__MATERIAL PROVIDED__.
========
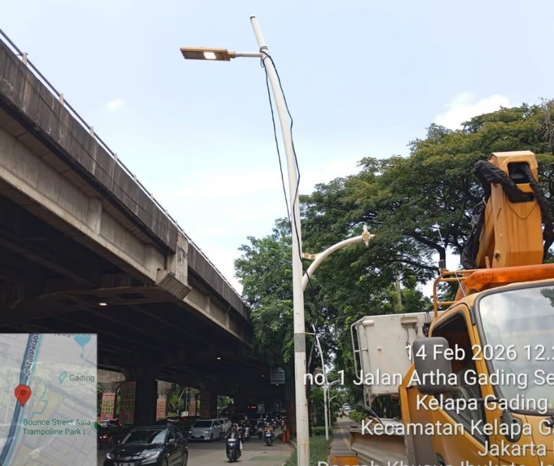 Dinas Bina Marga Provinsi DKI Jakarta melalui Suku Dinas Bina Marga Jakarta Utara telah menangani lampu Penerangan Jalan Umum (PJU) di Jl. Yos Sudarso kawasan Artha Gading, Jakarta Utara yang sempat tidak berfungsi. Penanganan dilakukan pada Sabtu, 14 Februari 2026.
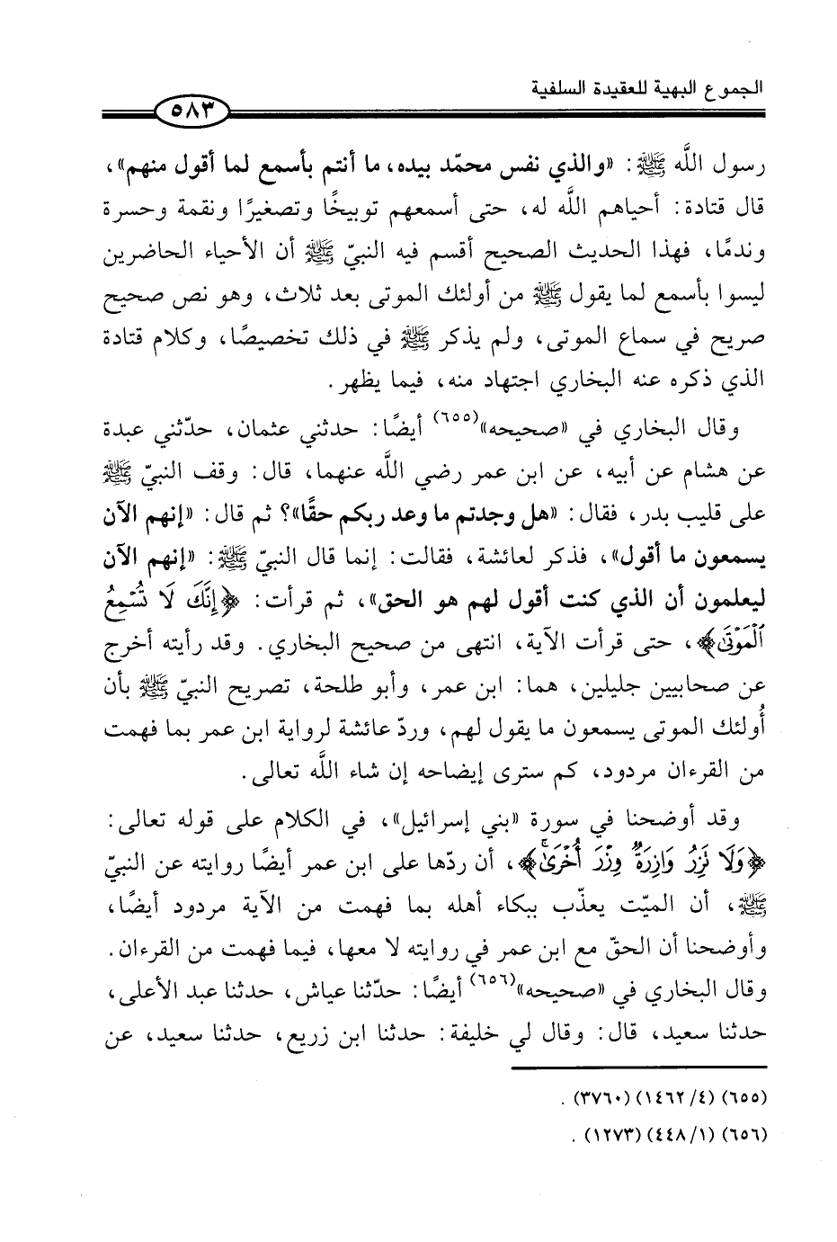 وَقَالَ الْبُخَارِيُّ فِي «صَحِيحِهِ» (¬1) أَيْضًا: حَدَّثَنِي عُثْمَانُ، حَدَّثَنِي عَبْدَةُ عَنْ هُشَامٍ عَنْ أَبِيهِ، عَنِ ابْنِ عُمَرَ رَضِيَ اللَّه عَنْهُمَا، قَالَ: وَقَفَ النَّبِيُّ صَلَّى اللَّهُ عَلَيْهِ وَسَلَّمَ عَلَى قَلِيبِ بَدْرٍ، فَقَالَ: «هَلْ وَجَدْتُمْ مَا وَعَدَ رَبُّكُمْ حَقًّا» ؟ ثُمَّ قَالَ: «إِنَّهُمُ الْآنَ يَسْمَعُونَ مَا أَقُولُ» ، فَذُكِرَ لِعَائِشَةَ، فَقَالَتْ: إِنَّمَا قَالَ النَّبِيُّ صَلَّى اللَّهُ عَلَيْهِ وَسَلَّمَ: «إِنَّهُمُ الْآنَ لَيَعْلَمُونَ أَنَّ الَّذِي كُنْتُ أَقُولُ لَهُمْ هُوَ الْحَقُّ» ، ثُمَّ قَرَأَتْ: {إِنَّكَ لاَ تُسْمِعُ الْمَوْتَى} ، حَتَّى قَرَأَتِ الْآيَةَ، انْتَهَى مِنْ صَحِيحِ الْبُخَارِيِّ. وَقَدْ رَأَيْتُهُ أَخْرَجَ عَنْ صَحَابِيَّيْنِ جَلِيلَيْنِ، هُمَا: ابْنُ عُمَرَ، وَأَبُو طَلْحَةَ، تَصْرِيحِ النَّبِيِّ صَلَّى اللَّهُ عَلَيْهِ وَسَلَّمَ بِأَنَّ أُولئك الْمَوْتَى يَسْمَعُونَ مَا يَقُولُ لَهُمْ، وَرَدُّ عَائِشَةَ لرِوَايَة ابْن عمر بِمَا فهمت من القرءان مَرْدُود، كم سَتَرَى إِيضَاحَهُ إِنْ شَاءَ اللَّه تَعَالَى.
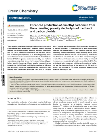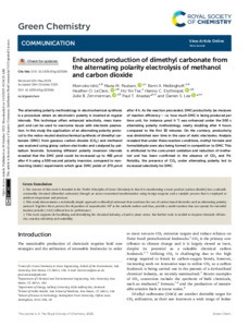 Enhanced production of dimethyl carbonate from the alternating polarity electrolysis of methanol and carbon dioxide.
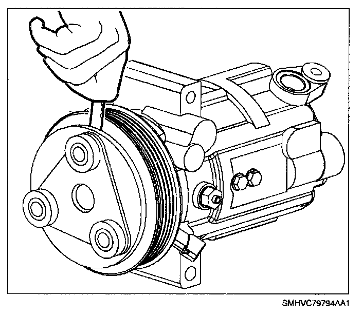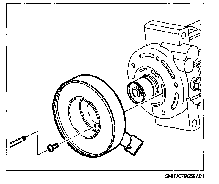 7. Remove A/C compressor clutch coil screws and remove A/C compressor clutch coil.
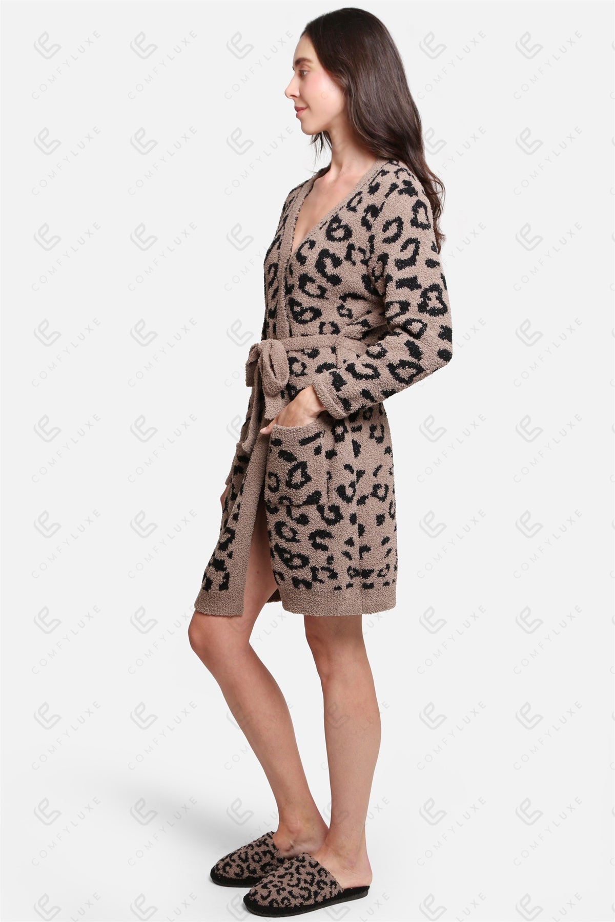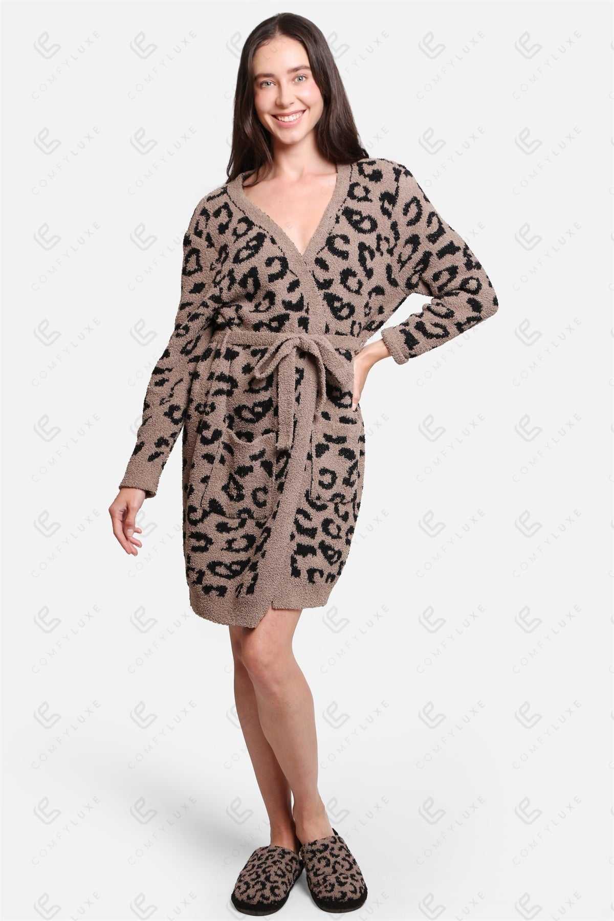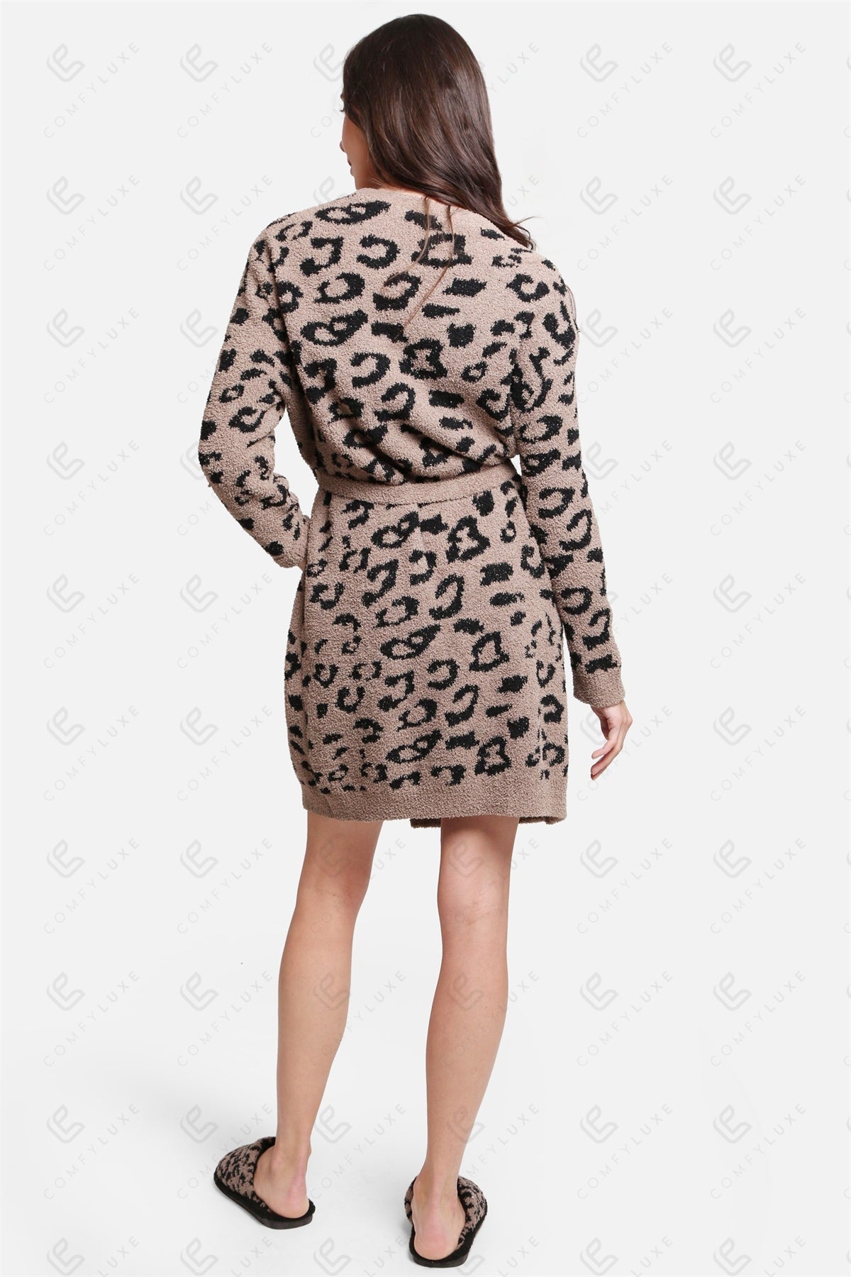 Indulge in the ultimate comfort with our Luxe Leopard Print Microfiber Robe. Crafted from premium 100% polyester microfiber, this robe offers a plush, breathable feel against the skin, making it perfect for lounging at home or unwinding after a long day.
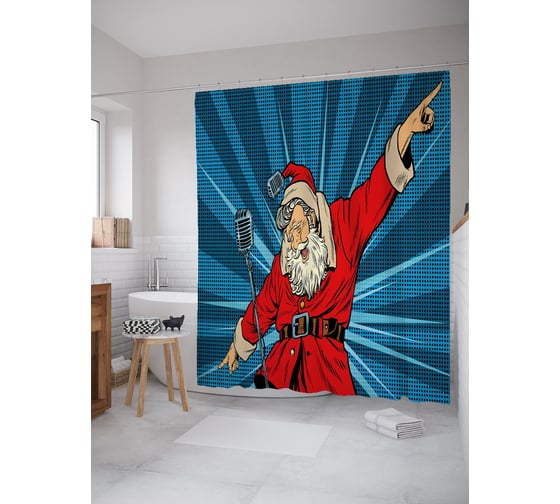 Штора (занавеска) для ванной JoyArty "Санта рокмен" из сатена, 180х200 см с крючками, sc_39470
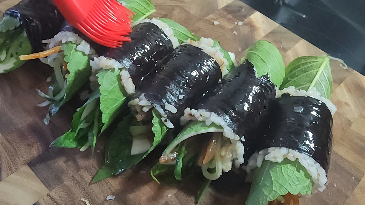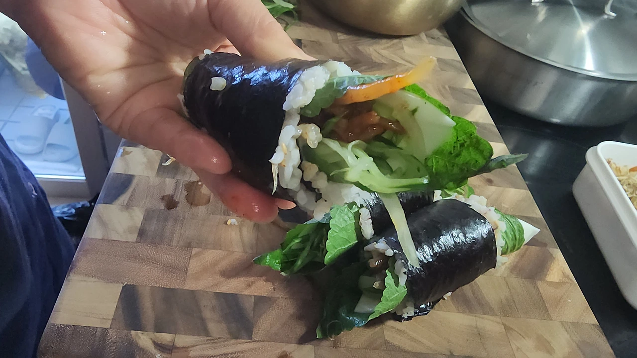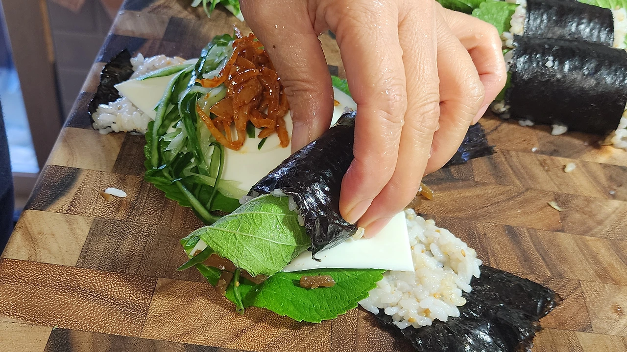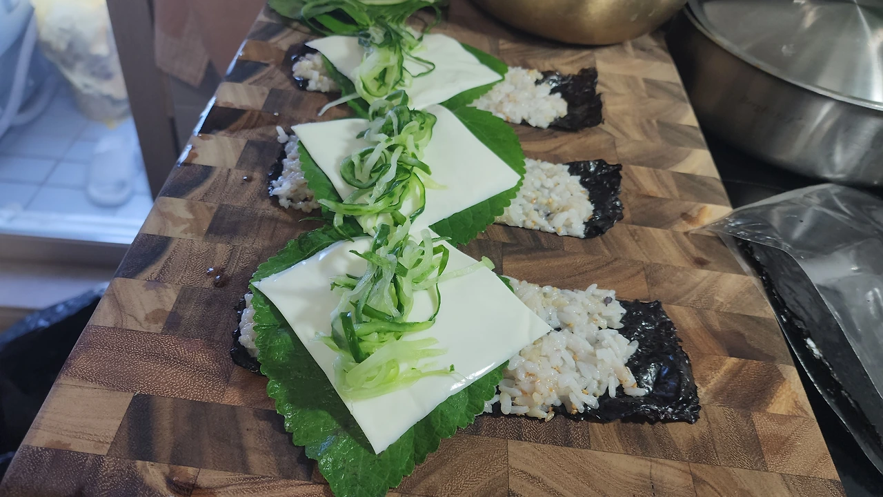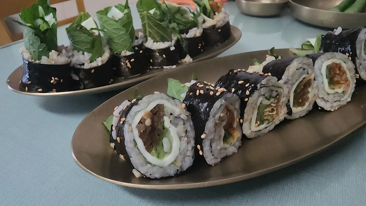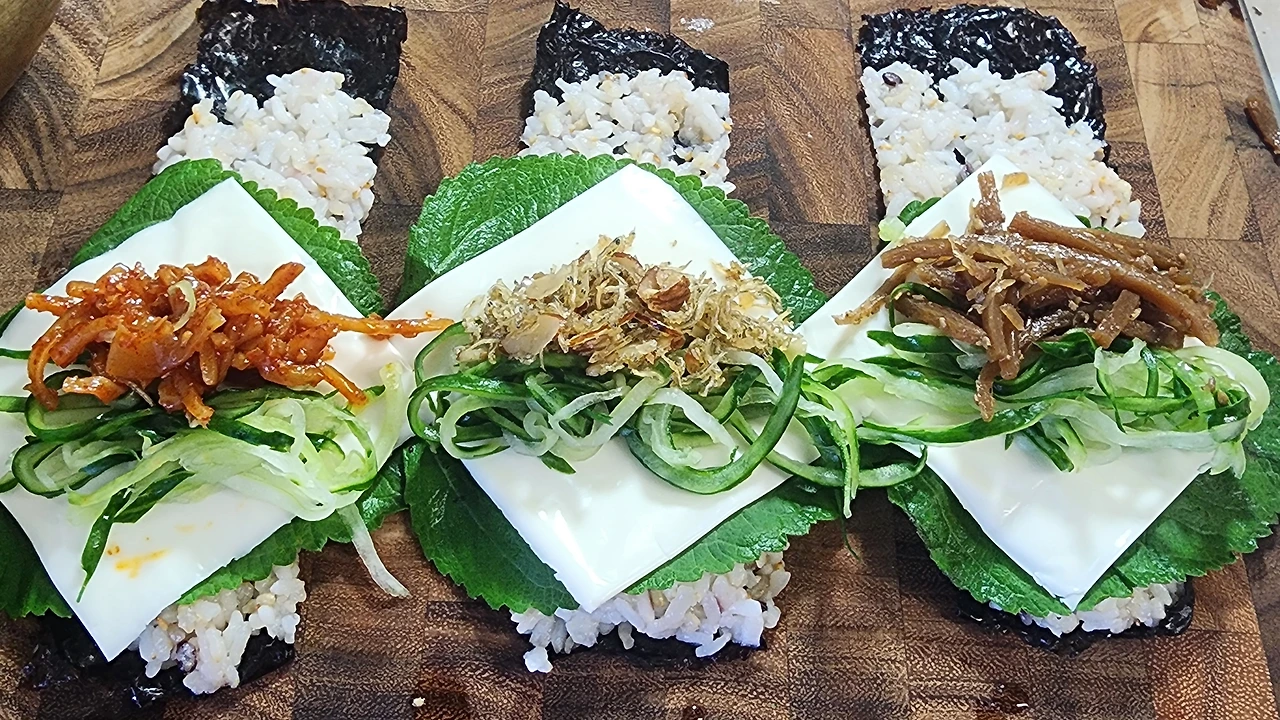 -밑반찬 3가지를 올려 돌돌 말아준다
========
__EXERCISE PROMPT__.
A word-for-word copy of the records above is needed, pictures excluded.

__ANSWER TO THIS TASK__.
 Dinas Bina Marga Provinsi DKI Jakarta melalui Suku Dinas Bina Marga Jakarta Utara telah menangani lampu Penerangan Jalan Umum (PJU) di Jl. Yos Sudarso kawasan Artha Gading, Jakarta Utara yang sempat tidak berfungsi. Penanganan dilakukan pada Sabtu, 14 Februari 2026.
 وَقَالَ الْبُخَارِيُّ فِي «صَحِيحِهِ» (¬1) أَيْضًا: حَدَّثَنِي عُثْمَانُ، حَدَّثَنِي عَبْدَةُ عَنْ هُشَامٍ عَنْ أَبِيهِ، عَنِ ابْنِ عُمَرَ رَضِيَ اللَّه عَنْهُمَا، قَالَ: وَقَفَ النَّبِيُّ صَلَّى اللَّهُ عَلَيْهِ وَسَلَّمَ عَلَى قَلِيبِ بَدْرٍ، فَقَالَ: «هَلْ وَجَدْتُمْ مَا وَعَدَ رَبُّكُمْ حَقًّا» ؟ ثُمَّ قَالَ: «إِنَّهُمُ الْآنَ يَسْمَعُونَ مَا أَقُولُ» ، فَذُكِرَ لِعَائِشَةَ، فَقَالَتْ: إِنَّمَا قَالَ النَّبِيُّ صَلَّى اللَّهُ عَلَيْهِ وَسَلَّمَ: «إِنَّهُمُ الْآنَ لَيَعْلَمُونَ أَنَّ الَّذِي كُنْتُ أَقُولُ لَهُمْ هُوَ الْحَقُّ» ، ثُمَّ قَرَأَتْ: {إِنَّكَ لاَ تُسْمِعُ الْمَوْتَى} ، حَتَّى قَرَأَتِ الْآيَةَ، انْتَهَى مِنْ صَحِيحِ الْبُخَارِيِّ. وَقَدْ رَأَيْتُهُ أَخْرَجَ عَنْ صَحَابِيَّيْنِ جَلِيلَيْنِ، هُمَا: ابْنُ عُمَرَ، وَأَبُو طَلْحَةَ، تَصْرِيحِ النَّبِيِّ صَلَّى اللَّهُ عَلَيْهِ وَسَلَّمَ بِأَنَّ أُولئك الْمَوْتَى يَسْمَعُونَ مَا يَقُولُ لَهُمْ، وَرَدُّ عَائِشَةَ لرِوَايَة ابْن عمر بِمَا فهمت من القرءان مَرْدُود، كم سَتَرَى إِيضَاحَهُ إِنْ شَاءَ اللَّه تَعَالَى.
 Enhanced production of dimethyl carbonate from the alternating polarity electrolysis of methanol and carbon dioxide.
 7. Remove A/C compressor clutch coil screws and remove A/C compressor clutch coil.
 Indulge in the ultimate comfort with our Luxe Leopard Print Microfiber Robe. Crafted from premium 100% polyester microfiber, this robe offers a plush, breathable feel against the skin, making it perfect for lounging at home or unwinding after a long day.
 Штора (занавеска) для ванной JoyArty "Санта рокмен" из сатена, 180х200 см с крючками, sc_39470
 -밑반찬 3가지를 올려 돌돌 말아준다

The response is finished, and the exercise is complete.